The "right to repair" one's vehicle wherever one chooses isn't in the U.S. Constitution or Bill of Rights, but many people in the maintenance and parts business believe it almost should be.
Original-equipment dealers don't agree and have some real-money reasons why certain servicing information should remain proprietary. The issue has a lengthy history, and now there's legislation pending in Congress that would give independent shops what they want.

They want access to information and special tools needed to service and repair modern trucks, said two shop proprietors at the recent Fall Meeting of the Technology & Maintenance Council of the American Trucking Associations. OE truck dealers refuse to provide these, forcing owners to take their vehicles to dealers' shops where they sit in line and charges are often higher.

This is a monopoly and it ought to be illegal, the independents said. House Resolution 2057 would make it so, said the two shop owners, Marc Karon, president of Total Truck Parts, with several facilities in Florida, and Dave Scheer, president of Inland Truck Parts, with 27 locations in the central U.S.

OE dealers don't have the capacity to handle all repairs of late-model trucks, so they concentrate on warranty fixes and more routine work waits, Karon charged. The nature of OE franchising means there is only one dealer in a given geographic area, so customers are forced to use it. An industry agreement forged in 2001 allows for arbitrating disputes, but it requires face-to-face negotiations among lawyers who must travel to Loudon County, Va., for meetings.

HR 2057 Opposition

The service industry would prefer a more effective industry solution, maybe through TMC, to government intervention, Karon said. But opposition from dealers and truck OE manufacturers might make passage of HR 2057 necessary. It has several sponsors in the House of Representatives but faces an uncertain future. A similar bill was considered in the Senate nine years ago but died.

Like Karon's company, Scheer's has trained, certified technicians and large stocks of parts and the tools to install them, Sheer said. But his people are hobbled when they encounter diagnostic fault codes that they cannot decipher or can't get specialty tools. On several occasions mechanics needed only vehicle wiring diagrams to repair a truck or install new equipment, but the local dealers refused to provide them. So the trucks had to be sent to their shops for work involving the wiring system, then returned to an Inland shop where the work was completed.

"I'll pay a fair market price for this information," Scheer said. "I don't want design information and proprietary knowledge. These restrictions are artificial and are not free enterprise... Let the market decide" who should repair motor vehicles.

The OE Side

There are legal and competitive reasons for dealers guarding information about the trucks they sell, said Gerald Chunn of the Lone Star Truck Group, a Freightliner and Western Star dealer with facilities in Texas, Louisiana and New Mexico. An OE dealer has to meet expensive requirements that independent shops don't, he said, so deserve special protection. Selling trucks in this economy has become unprofitable, but franchise laws in Texas require that dealers take trade-ins, even if they lose money on them.

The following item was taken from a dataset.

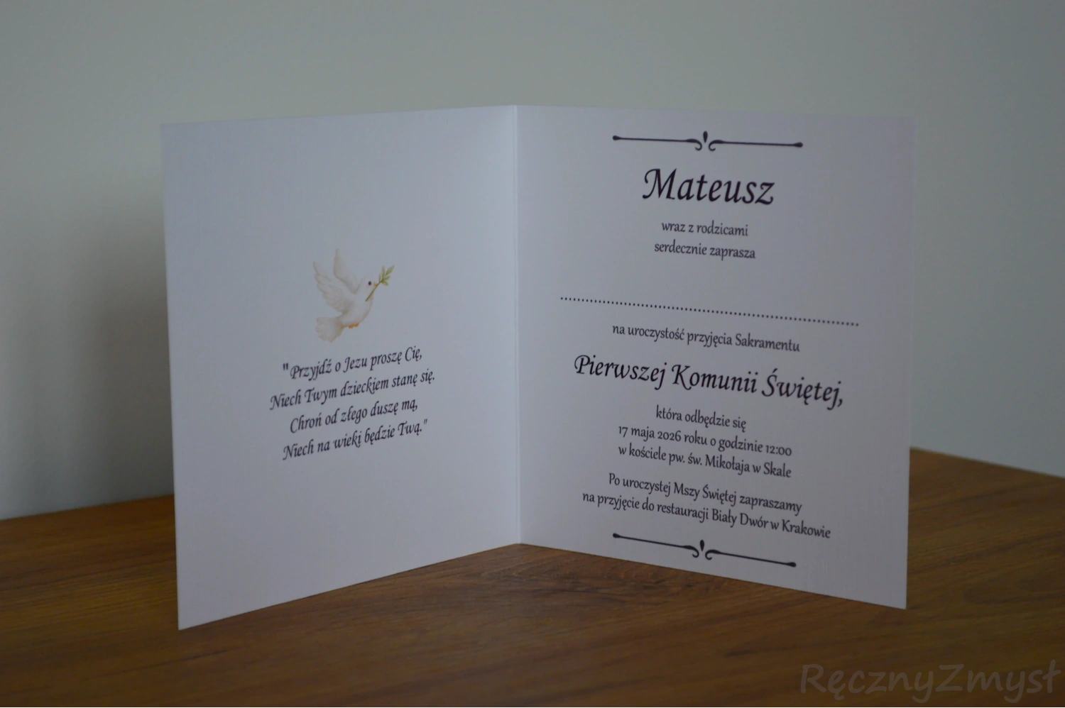 Ręcznie wykonane zaproszenie komunijne przedstawiające chłopca, przygotowane z zielonymi listkami, kielichem, ptakiem z symbolem IHS oraz drobnymi kartonowymi dodatkami. Zaproszenie jest w pełni personalizowane – można zmienić tekst i dodać własne zdjęcie dziecka, co sprawia, że każdy egzemplarz staje się unikalny. Elegancki i subtelny design idealnie wpisuje się w charakter uroczystości Pierwszej Komunii Świętej.

The OEM requires dealers to invest millions of dollars in facilities, parts and tools and assumes the dealer can pay for them. Some parts are never sold and some tools are never used, but the OEM insists that dealers buy them on the chance that they will be, Chunn said. Meanwhile, the OE invests hundreds of millions of dollars a year developing new trucks and systems to make them more efficient and keep them legal, and wants to be sure the vehicles are properly maintained. Dealers provide a nationwide network that over-the-road users can use, and they back each others' work.

Getting Information

"Independent shops bring no new products to market, they don't sell trucks, and they stock few of the parts I must," Chunn said. As to information needed to work on a truck, "If an '88 Mack comes into my shop in New Mexico, I can find 99 percent of the information I need to work on that Mack on the Internet," so independent shops should try harder to obtain what they need on the Net. To fleet managers in the audience, Chunn said, "You as customers can get 100 percent of the information you need for your trucks from OE repair shops."

In the case of those trucks Scheer talked about - the ones whose wiring diagrams were unobtainable to his mechanics - could the trucks' owners have gotten the diagrams from dealers, then turned them over to Sheer's people? "Absolutely," Chunn said. "'Give me your fax number - I'll send it right over.'" Did Sheer's people ask the trucks' owners to do that? "I don't know," Sheer answered, but suggested that would've been awkward.

A Balance

But increasingly complex vehicles and OEMs' swing to use of proprietary components makes the situation more serious, said Darry Stuart, a fleet consultant and former TMC general chairman, during a question-and-answer session. Information becomes more specialized, and only OE dealers have direct access to it. Independent technicians can't rely on their years of experience to sort out problems.

"We're trapped by technology and vertical integration," Stuart declared. "It's changing so fast that experience doesn't prevail anymore... There has to be a balance."

Updated 9/29/09 to correct the spelling of Gerald Chunn's name and to clarify the lead sentence.